(Stored records)
────────────────────────────────────────
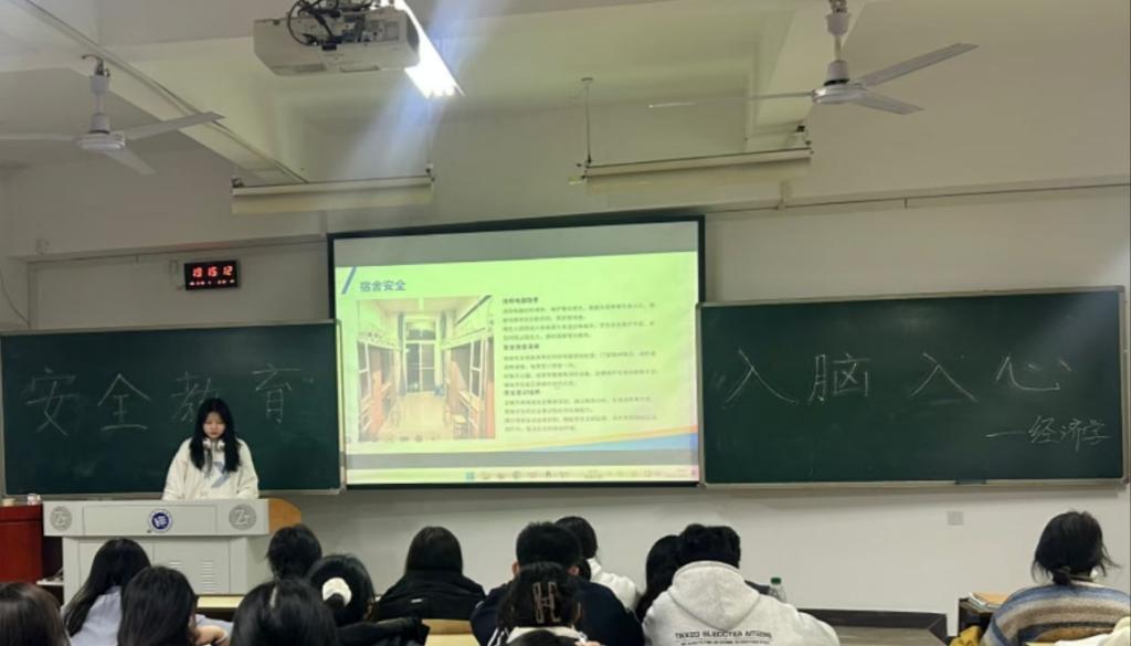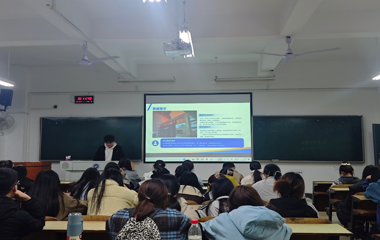 班会伊始,安全督察部部长钟奇磊以近期社会热点安全事件为切入点,结合校园实际,围绕交通安全、消防安全、网络安全以及食品安全等多个方面展开详细讲解。在交通安全板块,通过播放交通事故视频,直观呈现违规出行的严重后果,强调遵守交通规则的重要性;消防安全环节,干事们现场演示灭火器的正确使用方法,普及火灾发生时的逃生技巧;针对网络安全,结合当下常见的网络诈骗案例,教导同学们如何辨别网络陷阱,保护个人隐私。
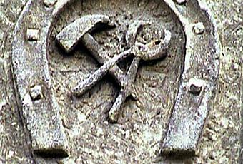 Lionel Royer m'a adressé la photo du claveau sculpté qui se trouve sur la porte cochère d'un ancien atelier de maréchal-ferrant, place de la République, à Saint-Paterne-Racan (Indre-et-Loire). A l'intérieur d'un fer à cheval, on distingue bien les tricoises (tenailles) et le brochoir (marteau à ferrer), placés en sautoir sur un fond de pierre grossièrement bûché.
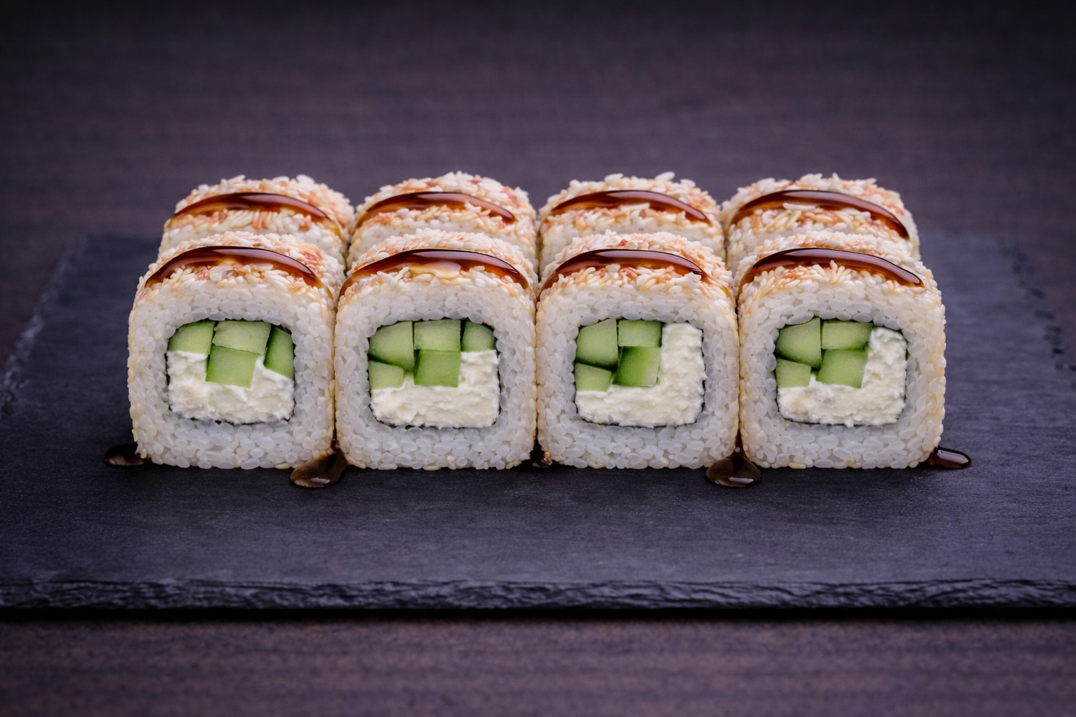 Классический ролл с мягким вкусом краба и сливочного сыра, освежённый огурцом и украшенный сладковатым унаги-соусом.
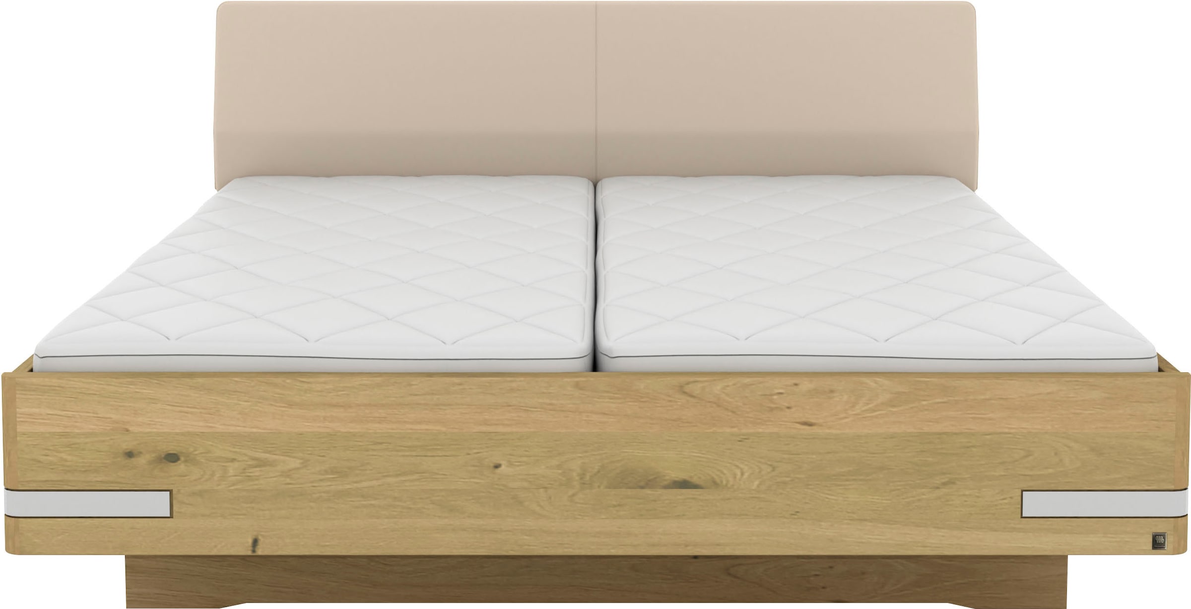 - Kopf- und Fußteil Bianco-Eiche massiv, Seiten und Untergestell in Bianco-Eiche-Nachbildung
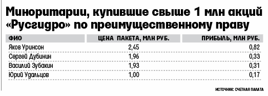 На акциях госкомпаний может экономить только государство, считает Счетная палата. Она припомнила «Русгидро» допэмиссию 2009 г.: бумаги этого выпуска обошлись бывшим членам правления РАО ЕЭС на 4,3 млн руб. дешевле положенного, отмечают аудиторы
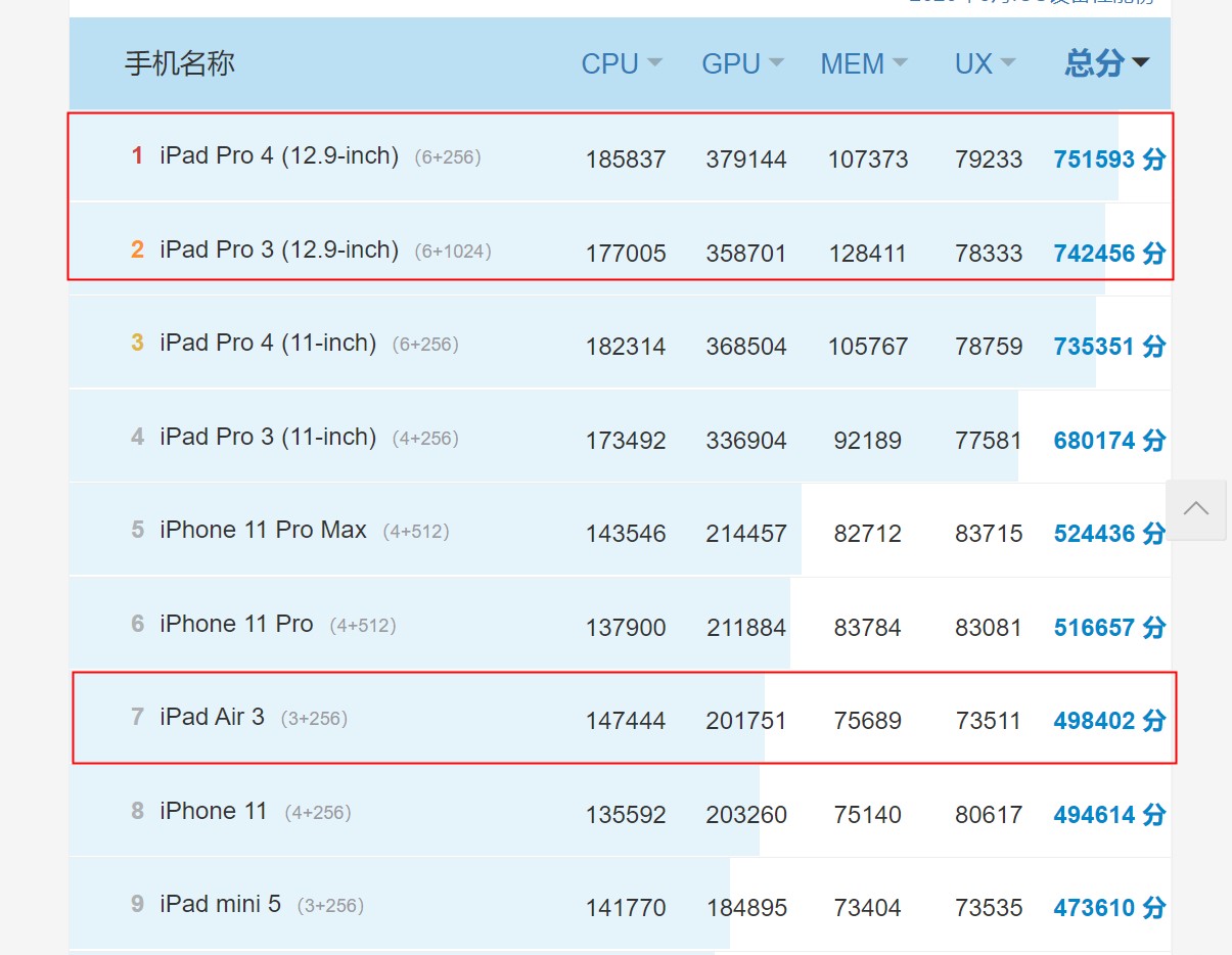 2、根据安兔兔官网的跑分数据,搭载 A12 处理器的 iPad Air 3 跑分数据如下:
────────────────────────────────────────
DESCRIPTION OF THE TASK
Output exactly and only the lines from the line containing "Lionel Royer m'a" to the end of the entries, both included, and omit every picture.

ANSWER SECTION
 Lionel Royer m'a adressé la photo du claveau sculpté qui se trouve sur la porte cochère d'un ancien atelier de maréchal-ferrant, place de la République, à Saint-Paterne-Racan (Indre-et-Loire). A l'intérieur d'un fer à cheval, on distingue bien les tricoises (tenailles) et le brochoir (marteau à ferrer), placés en sautoir sur un fond de pierre grossièrement bûché.
 Классический ролл с мягким вкусом краба и сливочного сыра, освежённый огурцом и украшенный сладковатым унаги-соусом.
 - Kopf- und Fußteil Bianco-Eiche massiv, Seiten und Untergestell in Bianco-Eiche-Nachbildung
 На акциях госкомпаний может экономить только государство, считает Счетная палата. Она припомнила «Русгидро» допэмиссию 2009 г.: бумаги этого выпуска обошлись бывшим членам правления РАО ЕЭС на 4,3 млн руб. дешевле положенного, отмечают аудиторы
 2、根据安兔兔官网的跑分数据,搭载 A12 处理器的 iPad Air 3 跑分数据如下:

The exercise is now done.